This project is intended to scrape product information and reviews from sephora.ca for some analysis. It uses selenium to scrape data.
File sephora_scrapping.py is the main file for scrapping products information and reviews. In the script, I used chrome browser. To run this code, please download chrome driver to the same directory of sephora_scrapping.py (if you already have Chrome brower).
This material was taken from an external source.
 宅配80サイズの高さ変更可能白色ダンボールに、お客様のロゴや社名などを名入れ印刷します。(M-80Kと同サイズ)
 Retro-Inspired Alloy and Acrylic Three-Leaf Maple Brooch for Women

If you prefer to use other browser, please also download the browser driver to the same directory of sephora_scrapping.py.
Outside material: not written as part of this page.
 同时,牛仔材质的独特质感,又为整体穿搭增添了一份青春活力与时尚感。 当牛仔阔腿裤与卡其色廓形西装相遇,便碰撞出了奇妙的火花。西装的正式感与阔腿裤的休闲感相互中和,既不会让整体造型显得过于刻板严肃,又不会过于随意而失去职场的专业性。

File sephora_scrapping do the following things:
Given a base link, for example, the base link of all eye cream products in sephora.ca, this part will get product name and product link, and assign an index for this product as following:
index,product_name,product_link
0,OLEHENRIKSEN Banana Bright Eye Crème,https://www.sephora.com/ca/en/product/banana-bright-eye-creme-P426339?icid2=products%20grid:p426339:product
It could also scrape a product's overall information and overall rate:
- product_index
- product_details
- total_reviews_count
- number of 5 star rates
- number of 4 star rates
- number of 3 star rates
- number of 2 star rates
- number of 1 star rates
- overall rate
File sephora_scrapping could scrape the following separate review information:
- review_user_id
- review_user_info
- rate
- review_date
- review_content
- not_helpful
- helpful